After fluctuating between gains and losses, European stocks advanced on Friday to cap their biggest four-day rally in more than two years.
The STOXX Europe 600 Index added 0.4 percent to 340.3 at the close of trading, after earlier rising as much as 0.8 percent and falling 0.6 percent. The measure posted its fifth weekly advance in six.
Energy stocks contributed the most to gains, while a drop in healthcare companies was the biggest drag as Roche Holding AG slid.
European shares jumped the most since November 2011 on Friday, rebounding for a third day after the US Federal Reserve pledged to be patient in increasing interest rates and the Swiss National Bank introduced its first negative deposit rate since the 1970s. The STOXX 600 has advanced 3 percent this week, recovering more than half of its monthly losses.

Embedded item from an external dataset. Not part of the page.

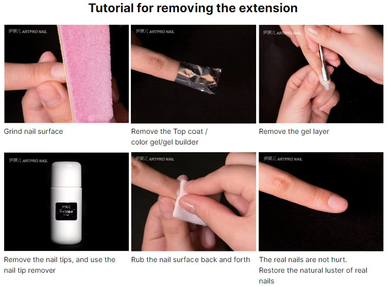 Get the extension gone within 3 minutes without grinding ▪ Manage it in five minutes ▪ Removing it by smearing ▪ without hurting the real nails

“Low interest rate policy-addicted markets are being comforted and there is no other option for cash other than to participate by owning stocks it seems,” Daniel Weston, chief investment officer at Aimed Capital GmbH in Munich, Germany, wrote in an e-mail.
Shares were volatile on Friday. Some futures and options on stocks and indices expired in a process known as quadruple witching. That often increases volatility and trading volume. The number of STOXX 600 shares changing hands was 40 percent greater than the average for the past 30 days, according to data compiled by Bloomberg.
Miners and energy producers rose for a fourth day. BHP Billiton Ltd added 3.6 percent and Rio Tinto Group gained 2.1 percent, while Royal Dutch Shell PLC and BP PLC climbed more than 2.5 percent. Oil and gas companies posted their biggest weekly jump in three years.
Atos advanced 6.2 percent after agreeing to buy Xerox Corp’s information technology outsourcing business for US$1.05 billion, almost tripling the French computer services provider’s business in the US.
Roche slid 6.3 percent. The drugmaker reported disappointing results from a clinical trial that combined two of its newer breast-cancer drugs, denting hopes of broadening the market for treatments that are already among its fastest-growing products. MorphoSys AG sank 11 percent after Roche ended a drug trial for Alzheimer’s disease.